2. Cornstarch Packaging
This is a biodegradable packaging material that can replace the annoying and messy styrofoam as well as plastic. Cornstarch can also be used to make biodegradable packing peanuts, which is a great alternative to bubble wrap.
3. Mushroom or Fungi Packaging
This type of packaging is created by letting a fungus grow around clean agricultural waste, such as corn stalks or husks. Over a few days, the fungus fibers bind the waste together, forming a solid shape. It is then dried to prevent it from growing any further.
This type of packaging is gaining momentum in the cosmetics industry. WildSmith Skin, a London-based cosmetic brand, has been putting a lot of create into their packaging and committing to sustainability.
4. Kraft Paper
Also known as paperboard is more environmentally friendly than plastic and other packaging. Because of its strength, Kraft Paper is used for many industrial and commercial applications. The material is used in packaging operations for packing, wrapping individual items, bundling and void fill. Also, Kraft paper can be used as load binders between layers of palatalized products.
5. Green Cell Foam
This uses cornstarch to create a fully biodegradable foam that can be used as a replacement for polystyrene or styrofoam. It is certified compostable in backyard and industrial facilities and can even be dissolved in a sink for safe and easy disposal.
6. Recycled Packaging
This type of packaging, as its name says, is any form of packaging that can be reused and recycled. This means that it gives more than one life to plastics and other materials that are already in circulation.
7. Corrugated Packaging
This refers to box fibers made mainly from trees and old corrugated containers. Once recycled, corrugated box fibers are used 7-10 times to make new boxes and other paper products. And more corrugated packaging is recovered for recycling than any other packaging material.
8. Air Pillows
Made of recyclable materials, these are small bags that can be inflated and are made of bio-degradable materials and can be reused.
9. Seaweed Packaging
This packaging is 100% biodegradable and although this is still not very popular, seaweed can be used as an alternative to plastic, especially for food packaging.
10. Organic Fabrics
An eco-friendly alternative to plastic bags and containers is organic fabrics such as hemp, flax, recycled cotton and even palm, banana and pineapple leaves. These materials biodegrade in 100 days so they are incredibly eco-friendly.
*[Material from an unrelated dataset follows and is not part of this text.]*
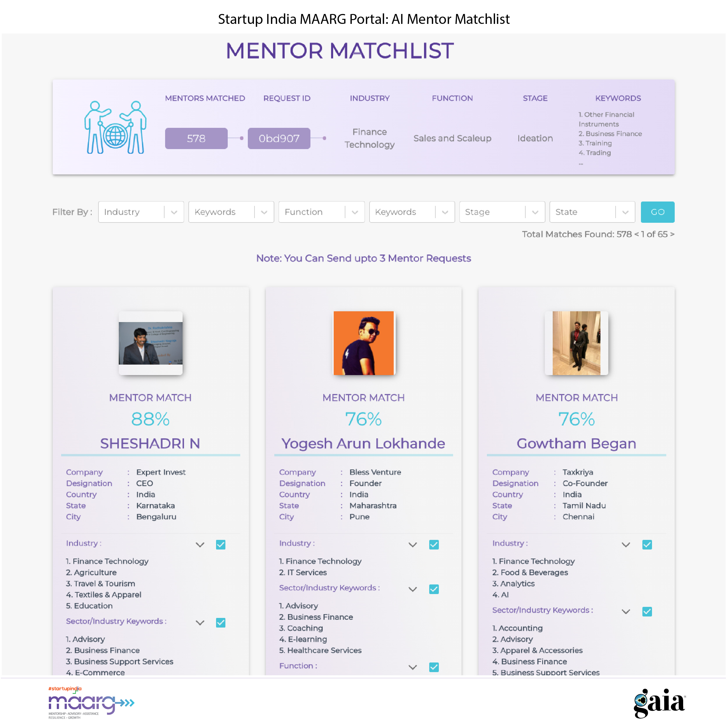 The artificial intelligence engine recommends best-suited mentors or startups based on attributes and contextual keywords. It envisions the usage of Generative AI to understand the pattern of selection by users to improve the search and match ability of the algorithm.

Your packaging is the first touchpoint your customer will have with your brand and product. This is your opportunity to spread your brand message and values and what better way to showcase it than with an authentic commitment to sustainability.
Although not possible with all products, many brands have found creative ways to reduce the amount of materials used in their packaging. Whether by condensing liquid formulas, incorporating packaging into the product, or arranging products in different ways, there are a variety of methods that you can adopt without compromising product quality.
The final question each brand should ask themselves is, how can we re-imagine the way we present our products to our consumers? And how can we make this would more sustainable while at the same time increasing our profits? Can both, ethical environmental practices and sustainability be connected to brand loyalty?
The answer is yes, and the evidence is laid out in the statistics mentioned before.